Fino al 1848 il Pepe trascorse la sua esistenza tra il paese natio e Napoli, dove si recava presso parenti, specie nei mesi invernali. Ed è scontato dire che la polizia borbonica lo continuava a tenere sotto controllo.
Nel 1848, ai primi moti di quell’anno, con decreto 3 marzo venne richiamato a Napoli e nominato Capo di Stato Maggiore della Guardia Nazionale, al cui vertice era stato nominato il generale principe Pignatelli, di cui il Pepe era stato già aiutante di campo.
Il re, volendo ostentare sentimenti democratici, lo invitò alla Reggia e nel corso del colloquio gli offrì di adoperarsi alla formazione del Ministero, ma il Nostro, schivo di onori, designò al suo posto l’amico Troya, il quale accettando, nominò il Pepe Generale Comandante della Guardia Nazionale.
Eletto Deputato al Parlamento per il collegio del Molise, in seguito all’ennesimo scioglimento di esso, amareggiato, tornò al suo paese, Civitacampomarano dove si spense il 26 giugno 1849.

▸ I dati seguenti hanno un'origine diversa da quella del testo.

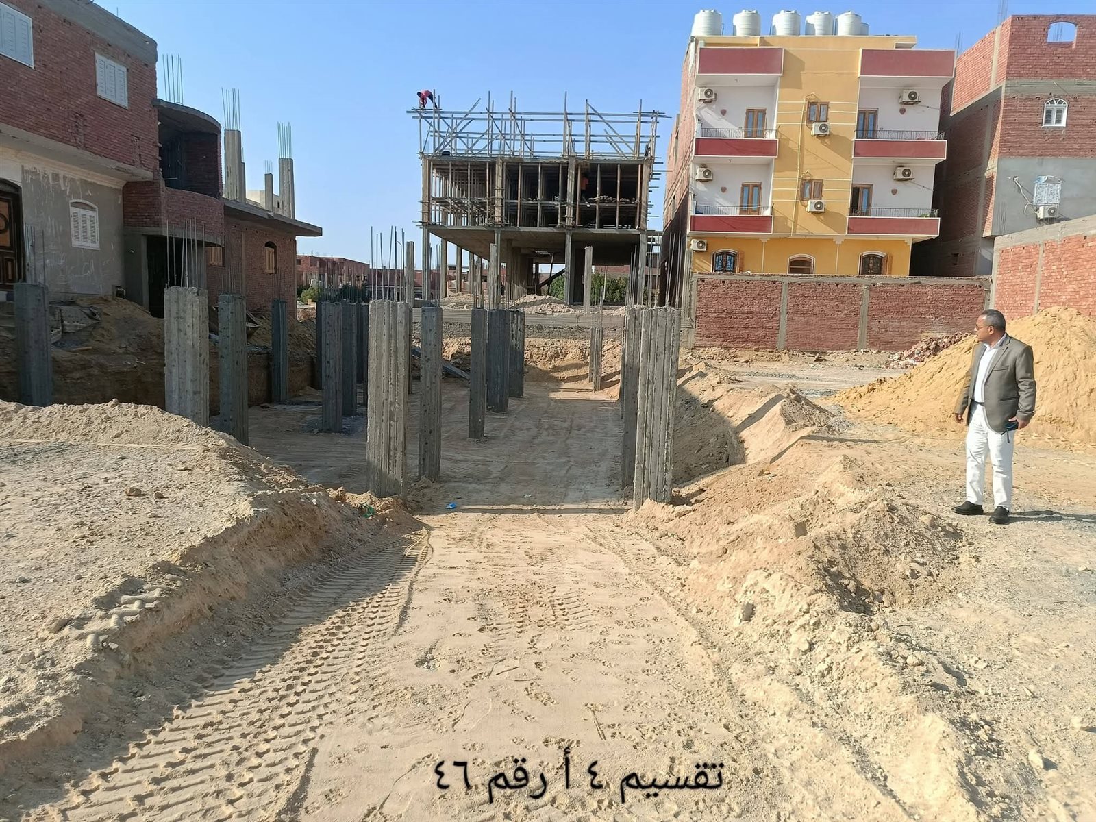 رصد إنشاء أعمدة خرسانية بقطعة أرض بتقسيم 4 أ.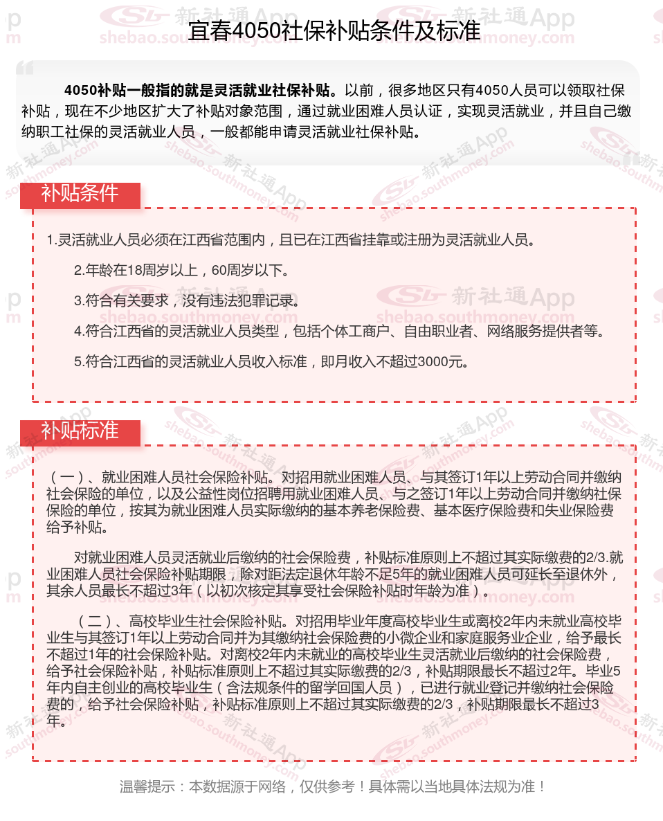 二、2025年宜春4050社保补贴标准及条件,最新如下: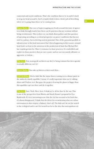 ronmental and social conditions. That’s the condition that we’re in and it’s hard to wrap my head around it, but I certainly think it does a better job of describing where we’re going than where we’re coming from. Daniel Barber One way to begin wrapping our heads around this issue of agency is to think through exactly how there can be practices that are resistant without being revolutionary. This is where we can think about politics and this question of operating according to a critical perspective on power conditions that has not tried to coalesce, but to develop tactical potential. One of the potential parallels to infrastructure is this food movement that’s been happening in this country around local food—at least in the attention to the production of food that Michael Pollan is spokesperson for. There’s resistance in those practices. It is imbedded and explicit in those practices that are not counter and are not necessarily offensive or aggressive or violent… Tim Love Post avant-garde architects say they’re being resistant but their agenda is actually different, isn’t it? Daniel Barber You take architects at their word then… Cliff McMillan I feel a little like the visitor that is coming in to a dinner party in the midst of a family squabble. I mean, it’s really important what you’re talking about and I believe in it. But guys, the project of saving the planet is bigger than this squabble—get out there and do it together. Tim Love Sure. Yeah. Here, here. I think we’re all for that, by the way. This is one of the perspectives from Martin and Sarah Dunne’s proposal for EcoBoulevards. It’s very interesting to me that the city has recessed so far back that it’s almost disappeared. I think that the driver for reenvisioning what our urban environment is does require a balance, that’s all. The dial can’t be too far turned to the ecological and it can’t be turned too far to the idea that metropolitan cul-

Fu seppellito con tutti gli onori dal suo popolo nella chiesa di San Giorgio; in seguito le sue spoglie furono disperse ad opera di un sacerdote sanfedista, tale Bellaroba, di cui non si sa bene che fine abbia fatto dopo che fu sospeso a divinis.
La sorte si era accanita talmente su questo eroico patriota, tanto che il giorno della sua morte, mentre si svolgevano i funerali, giunse a Civitacampomarano un messo da Napoli, per notificargli l’ennesimo mandato di cattura.
Gabriele Pepe fu innanzitutto un grande patriota, un militare, un politico onesto, un amante delle lettere ed uno storico, ma fu anche poeta che ci ha lasciato un’ode all’Italia molto bella.
La città di Campobasso, alla sua morte, gli conferì la Cittadinanza onoraria e in seguito, gli ha eretto un monumento stupendo, opera dello scultore Francesco Jerace, inaugurato il 27 luglio 1913 alla presenza di S.A.R. Emanuele Filiberto di Savoia, e posto nella Piazza a Lui stesso dedicata, al centro principale della Città, proprio di fronte al Palazzo del Governo.